Redell and Cotton (pp. 000–000) remind us of the importance of oxidative stress in critically ill trauma patients, which leads to mitochondrial dysfunction, secondary tissue injury, immune dysfunction, organ failure, and death. Endogenous antioxidants are rapidly depleted with oxidative stress. Intravenous replacement of a combination of trace elements (Se, Zn) and vitamins (B1, C, E) in doses about 10 times the recommended dietary allowance results in significant clinical improvement. Major trauma patients requiring ICU treatment are clearly candidates for a systematic supplementation lasting 5–20 days.

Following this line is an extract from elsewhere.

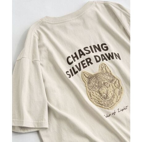 16/-天竺を使用した、サガラ刺繍が目を惹くアニマルプリントTシャツ。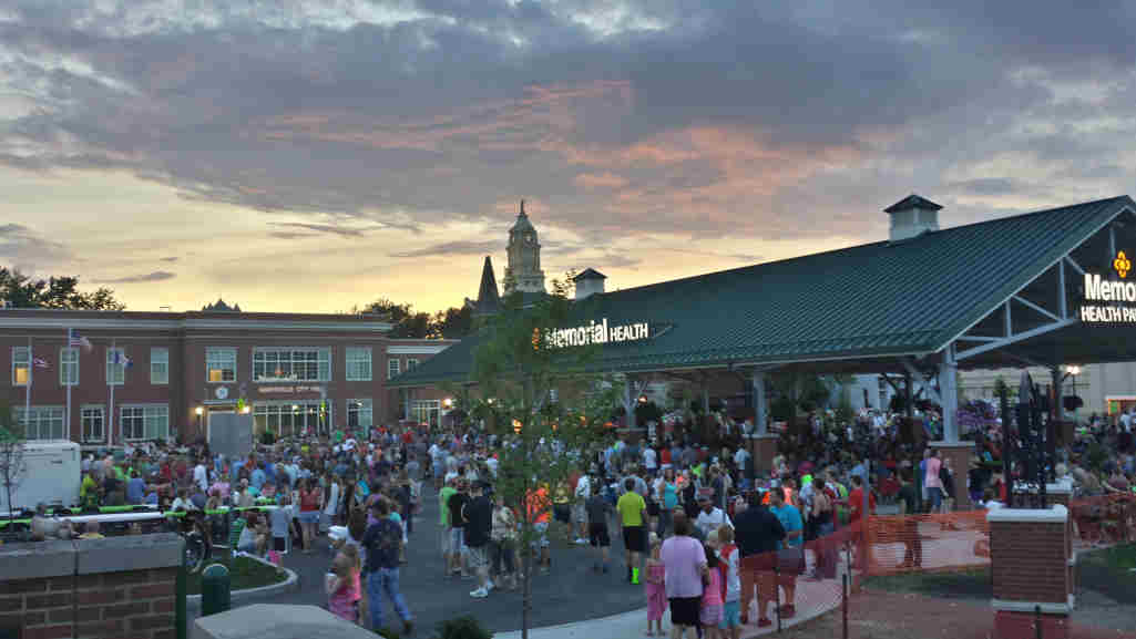 The picture is from a park in Marysville Ohio. It has several names, they are as follows: Community Commons, the Memorial Health Pavilion, and Partners Park.

The study by Amrein and Venkatesh (pp. 000–000) discusses the pleiotropic roles of vitamin D in critical illness and succeed in setting the stage for future studies. They point out the following issues pertaining to critical care: that more information is required to understand the pathophysiology of vitamin D nutriture and metabolic effects of treatment, whether vitamin D undernutrition is a marker of disease or a causative factor for clinical outcomes, the special case of chronic kidney disease and acute kidney injury, and if treatment is advised, what are the optimal parameters (route, dose, and structure).
In consideration of the above evidence and opinion, the integrative roles of nutritional and metabolic assessment to risk stratify ICU patients, optimization of enteral nutrition and micronutrition therapy in all patients, and early/concurrent use of parenteral nutrition to improve clinical outcomes in higher risk patients should be subsumed in a standardized IMS algorithm. Once these individual elements are validated in experimental (controlled) settings, appropriate studies should be designed to test real-life management strategies, generalizable to a broad array of ICU settings. These investigations may require Bayesian design methods to optimize study constraints (patient subsets, decision-trees, limited resources, and belief structures) and systems approaches, including network analyses. In this fashion, the convergence of evidence and opinion can truly lead to optimization of ICU metabolic care.
Conflicts of interest
J.M. – Abbott Nutrition: speaker honoraria and program development; Select Medical Corporation: research grant support.
MB – Baxter, BBrauna, Fresenius Kabi, Nestlé: speaker honoraria and program development; Fresenius Kabi, Aguettant, BBraun, Baxter: research grant support.